▸ **TASK ITEM**:
Go through the following data and transcribe exactly the stretch of lines from the one holding "För att säkert" to the one holding "Cute elephant gift.", both included.

▸ **PROVIDED INFORMATION**:
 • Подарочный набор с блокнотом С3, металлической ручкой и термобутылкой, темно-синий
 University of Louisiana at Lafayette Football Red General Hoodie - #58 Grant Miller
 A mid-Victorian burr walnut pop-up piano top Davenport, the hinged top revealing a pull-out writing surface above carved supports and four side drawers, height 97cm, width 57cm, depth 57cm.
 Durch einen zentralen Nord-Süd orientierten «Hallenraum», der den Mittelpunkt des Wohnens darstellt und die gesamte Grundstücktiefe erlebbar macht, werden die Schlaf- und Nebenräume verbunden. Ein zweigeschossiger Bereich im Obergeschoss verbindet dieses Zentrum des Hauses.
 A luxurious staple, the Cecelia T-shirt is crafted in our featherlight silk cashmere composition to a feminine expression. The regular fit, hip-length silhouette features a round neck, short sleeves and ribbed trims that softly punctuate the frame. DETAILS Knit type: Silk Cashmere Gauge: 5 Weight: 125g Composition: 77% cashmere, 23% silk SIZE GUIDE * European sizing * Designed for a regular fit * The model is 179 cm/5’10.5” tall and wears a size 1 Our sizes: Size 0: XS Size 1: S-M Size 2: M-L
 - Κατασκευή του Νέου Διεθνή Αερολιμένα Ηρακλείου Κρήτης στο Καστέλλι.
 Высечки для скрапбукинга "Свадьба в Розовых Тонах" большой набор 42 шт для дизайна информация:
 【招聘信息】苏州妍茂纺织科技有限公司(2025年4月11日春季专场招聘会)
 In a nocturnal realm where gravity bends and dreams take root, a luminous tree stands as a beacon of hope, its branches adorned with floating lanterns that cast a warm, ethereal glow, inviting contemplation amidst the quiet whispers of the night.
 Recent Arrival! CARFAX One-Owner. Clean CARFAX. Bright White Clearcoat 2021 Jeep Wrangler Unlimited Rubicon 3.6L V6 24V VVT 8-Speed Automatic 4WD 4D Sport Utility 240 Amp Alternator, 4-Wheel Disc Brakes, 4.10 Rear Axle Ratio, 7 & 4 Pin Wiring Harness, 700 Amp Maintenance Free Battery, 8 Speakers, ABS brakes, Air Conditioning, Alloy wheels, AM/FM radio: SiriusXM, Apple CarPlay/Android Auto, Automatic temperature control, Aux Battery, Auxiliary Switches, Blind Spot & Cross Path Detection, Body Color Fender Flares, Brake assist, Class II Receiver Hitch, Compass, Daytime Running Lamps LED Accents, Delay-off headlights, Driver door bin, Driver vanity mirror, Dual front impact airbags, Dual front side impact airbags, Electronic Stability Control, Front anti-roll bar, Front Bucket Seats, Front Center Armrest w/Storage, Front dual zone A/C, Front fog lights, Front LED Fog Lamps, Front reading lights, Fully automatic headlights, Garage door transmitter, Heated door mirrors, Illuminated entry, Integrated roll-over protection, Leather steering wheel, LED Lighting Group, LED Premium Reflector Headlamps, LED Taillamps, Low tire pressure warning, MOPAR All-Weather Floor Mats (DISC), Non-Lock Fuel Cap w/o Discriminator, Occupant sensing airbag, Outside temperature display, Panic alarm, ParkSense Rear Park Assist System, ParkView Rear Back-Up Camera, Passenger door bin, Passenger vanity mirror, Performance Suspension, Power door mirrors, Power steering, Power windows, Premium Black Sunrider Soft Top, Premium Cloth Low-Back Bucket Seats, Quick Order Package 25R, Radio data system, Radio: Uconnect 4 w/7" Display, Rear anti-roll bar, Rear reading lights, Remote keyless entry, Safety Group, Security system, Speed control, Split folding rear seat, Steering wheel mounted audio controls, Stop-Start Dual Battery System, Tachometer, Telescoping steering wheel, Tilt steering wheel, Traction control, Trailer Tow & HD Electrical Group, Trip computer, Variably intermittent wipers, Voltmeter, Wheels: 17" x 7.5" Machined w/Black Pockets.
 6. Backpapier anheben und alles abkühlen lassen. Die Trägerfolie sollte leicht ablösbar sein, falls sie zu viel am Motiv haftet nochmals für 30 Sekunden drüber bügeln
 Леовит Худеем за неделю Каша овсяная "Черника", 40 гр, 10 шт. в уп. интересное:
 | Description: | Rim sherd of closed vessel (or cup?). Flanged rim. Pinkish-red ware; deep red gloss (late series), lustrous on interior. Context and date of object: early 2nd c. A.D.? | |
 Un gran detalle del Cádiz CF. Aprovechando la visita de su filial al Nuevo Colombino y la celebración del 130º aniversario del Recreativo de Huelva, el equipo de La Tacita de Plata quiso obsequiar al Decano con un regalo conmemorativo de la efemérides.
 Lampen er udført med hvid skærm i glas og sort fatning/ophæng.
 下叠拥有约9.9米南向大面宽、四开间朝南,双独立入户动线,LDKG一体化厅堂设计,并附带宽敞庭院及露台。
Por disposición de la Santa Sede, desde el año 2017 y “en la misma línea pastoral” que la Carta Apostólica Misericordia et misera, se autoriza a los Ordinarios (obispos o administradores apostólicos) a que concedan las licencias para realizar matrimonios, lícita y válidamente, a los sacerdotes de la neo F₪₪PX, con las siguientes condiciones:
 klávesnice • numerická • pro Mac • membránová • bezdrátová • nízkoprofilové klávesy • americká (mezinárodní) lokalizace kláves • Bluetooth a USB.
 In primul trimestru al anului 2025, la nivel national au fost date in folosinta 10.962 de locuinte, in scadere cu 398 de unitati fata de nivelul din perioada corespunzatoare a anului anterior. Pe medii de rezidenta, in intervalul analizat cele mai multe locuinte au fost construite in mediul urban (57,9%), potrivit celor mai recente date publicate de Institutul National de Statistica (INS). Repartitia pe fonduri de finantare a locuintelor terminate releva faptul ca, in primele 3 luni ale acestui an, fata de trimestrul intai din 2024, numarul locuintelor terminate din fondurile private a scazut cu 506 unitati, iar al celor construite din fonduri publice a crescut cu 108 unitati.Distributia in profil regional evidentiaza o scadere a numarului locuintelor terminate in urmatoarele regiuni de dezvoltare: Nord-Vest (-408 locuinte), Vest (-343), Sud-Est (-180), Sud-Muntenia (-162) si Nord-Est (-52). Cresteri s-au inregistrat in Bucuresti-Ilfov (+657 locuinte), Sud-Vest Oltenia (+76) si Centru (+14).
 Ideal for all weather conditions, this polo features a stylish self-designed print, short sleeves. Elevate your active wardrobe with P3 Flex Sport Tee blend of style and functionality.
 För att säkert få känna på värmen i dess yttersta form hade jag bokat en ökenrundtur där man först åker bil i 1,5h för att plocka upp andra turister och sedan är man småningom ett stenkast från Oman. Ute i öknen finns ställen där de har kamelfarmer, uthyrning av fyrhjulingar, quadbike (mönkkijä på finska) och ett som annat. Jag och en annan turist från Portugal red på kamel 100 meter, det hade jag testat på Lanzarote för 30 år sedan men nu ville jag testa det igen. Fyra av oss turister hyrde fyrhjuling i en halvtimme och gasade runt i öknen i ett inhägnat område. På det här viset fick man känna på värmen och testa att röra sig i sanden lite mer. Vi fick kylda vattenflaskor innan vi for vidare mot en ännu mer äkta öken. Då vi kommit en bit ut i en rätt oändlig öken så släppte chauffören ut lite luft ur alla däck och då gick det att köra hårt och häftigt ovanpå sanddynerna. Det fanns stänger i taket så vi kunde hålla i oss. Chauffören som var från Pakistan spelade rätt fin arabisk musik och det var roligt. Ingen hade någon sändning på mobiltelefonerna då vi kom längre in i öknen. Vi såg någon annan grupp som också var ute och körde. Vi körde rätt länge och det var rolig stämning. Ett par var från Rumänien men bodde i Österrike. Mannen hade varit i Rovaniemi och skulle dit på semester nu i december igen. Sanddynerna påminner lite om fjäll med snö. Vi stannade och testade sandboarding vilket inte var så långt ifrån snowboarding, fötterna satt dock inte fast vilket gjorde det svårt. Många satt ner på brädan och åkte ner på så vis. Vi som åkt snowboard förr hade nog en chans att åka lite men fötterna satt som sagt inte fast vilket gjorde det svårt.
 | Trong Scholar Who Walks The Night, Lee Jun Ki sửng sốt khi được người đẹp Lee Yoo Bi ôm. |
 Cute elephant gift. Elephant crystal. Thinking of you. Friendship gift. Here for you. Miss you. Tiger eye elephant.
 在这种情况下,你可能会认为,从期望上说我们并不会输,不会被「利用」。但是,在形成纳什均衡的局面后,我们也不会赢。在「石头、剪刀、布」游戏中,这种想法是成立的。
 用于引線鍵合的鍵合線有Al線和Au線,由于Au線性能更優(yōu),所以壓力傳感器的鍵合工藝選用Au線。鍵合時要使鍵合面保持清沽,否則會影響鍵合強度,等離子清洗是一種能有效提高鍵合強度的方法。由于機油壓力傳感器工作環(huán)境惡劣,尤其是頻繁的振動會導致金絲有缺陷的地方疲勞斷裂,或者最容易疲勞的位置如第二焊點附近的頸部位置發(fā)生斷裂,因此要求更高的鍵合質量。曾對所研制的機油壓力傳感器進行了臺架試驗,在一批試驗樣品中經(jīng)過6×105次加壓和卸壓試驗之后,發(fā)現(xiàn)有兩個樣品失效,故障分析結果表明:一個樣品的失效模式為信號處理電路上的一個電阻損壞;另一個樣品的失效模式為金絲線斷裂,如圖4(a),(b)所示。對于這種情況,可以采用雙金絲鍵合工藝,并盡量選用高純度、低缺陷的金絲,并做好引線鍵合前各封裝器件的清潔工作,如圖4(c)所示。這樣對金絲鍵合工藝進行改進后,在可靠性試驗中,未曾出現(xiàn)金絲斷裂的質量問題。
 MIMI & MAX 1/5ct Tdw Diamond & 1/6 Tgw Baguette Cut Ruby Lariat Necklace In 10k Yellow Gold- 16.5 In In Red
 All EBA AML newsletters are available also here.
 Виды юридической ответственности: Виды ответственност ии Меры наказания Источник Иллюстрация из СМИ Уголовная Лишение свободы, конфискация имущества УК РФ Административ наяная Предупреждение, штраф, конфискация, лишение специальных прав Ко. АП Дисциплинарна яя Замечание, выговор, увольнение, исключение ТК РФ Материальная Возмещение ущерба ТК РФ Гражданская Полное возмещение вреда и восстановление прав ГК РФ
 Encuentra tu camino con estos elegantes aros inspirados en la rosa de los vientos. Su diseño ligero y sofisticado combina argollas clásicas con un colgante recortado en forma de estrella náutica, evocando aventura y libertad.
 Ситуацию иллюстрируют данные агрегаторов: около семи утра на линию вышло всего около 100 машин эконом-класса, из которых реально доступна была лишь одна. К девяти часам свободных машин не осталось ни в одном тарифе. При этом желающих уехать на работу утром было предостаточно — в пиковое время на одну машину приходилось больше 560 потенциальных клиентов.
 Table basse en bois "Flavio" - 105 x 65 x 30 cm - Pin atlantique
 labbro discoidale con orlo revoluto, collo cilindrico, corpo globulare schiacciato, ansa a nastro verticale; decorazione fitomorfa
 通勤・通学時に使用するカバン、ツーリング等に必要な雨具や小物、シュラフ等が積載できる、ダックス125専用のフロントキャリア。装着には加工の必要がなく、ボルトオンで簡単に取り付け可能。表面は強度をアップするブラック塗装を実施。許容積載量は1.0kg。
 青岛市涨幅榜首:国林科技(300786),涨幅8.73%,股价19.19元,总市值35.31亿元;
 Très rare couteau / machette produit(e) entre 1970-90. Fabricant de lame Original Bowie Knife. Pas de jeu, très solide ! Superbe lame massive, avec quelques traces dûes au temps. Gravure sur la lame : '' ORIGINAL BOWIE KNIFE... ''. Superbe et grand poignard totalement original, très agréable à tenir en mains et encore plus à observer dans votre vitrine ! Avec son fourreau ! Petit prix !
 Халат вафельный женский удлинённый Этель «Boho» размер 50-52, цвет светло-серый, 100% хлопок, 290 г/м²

▸ **ANSWER TO THIS EXERCISE**:
 För att säkert få känna på värmen i dess yttersta form hade jag bokat en ökenrundtur där man först åker bil i 1,5h för att plocka upp andra turister och sedan är man småningom ett stenkast från Oman. Ute i öknen finns ställen där de har kamelfarmer, uthyrning av fyrhjulingar, quadbike (mönkkijä på finska) och ett som annat. Jag och en annan turist från Portugal red på kamel 100 meter, det hade jag testat på Lanzarote för 30 år sedan men nu ville jag testa det igen. Fyra av oss turister hyrde fyrhjuling i en halvtimme och gasade runt i öknen i ett inhägnat område. På det här viset fick man känna på värmen och testa att röra sig i sanden lite mer. Vi fick kylda vattenflaskor innan vi for vidare mot en ännu mer äkta öken. Då vi kommit en bit ut i en rätt oändlig öken så släppte chauffören ut lite luft ur alla däck och då gick det att köra hårt och häftigt ovanpå sanddynerna. Det fanns stänger i taket så vi kunde hålla i oss. Chauffören som var från Pakistan spelade rätt fin arabisk musik och det var roligt. Ingen hade någon sändning på mobiltelefonerna då vi kom längre in i öknen. Vi såg någon annan grupp som också var ute och körde. Vi körde rätt länge och det var rolig stämning. Ett par var från Rumänien men bodde i Österrike. Mannen hade varit i Rovaniemi och skulle dit på semester nu i december igen. Sanddynerna påminner lite om fjäll med snö. Vi stannade och testade sandboarding vilket inte var så långt ifrån snowboarding, fötterna satt dock inte fast vilket gjorde det svårt. Många satt ner på brädan och åkte ner på så vis. Vi som åkt snowboard förr hade nog en chans att åka lite men fötterna satt som sagt inte fast vilket gjorde det svårt.
 | Trong Scholar Who Walks The Night, Lee Jun Ki sửng sốt khi được người đẹp Lee Yoo Bi ôm. |
 Cute elephant gift. Elephant crystal. Thinking of you. Friendship gift. Here for you. Miss you. Tiger eye elephant.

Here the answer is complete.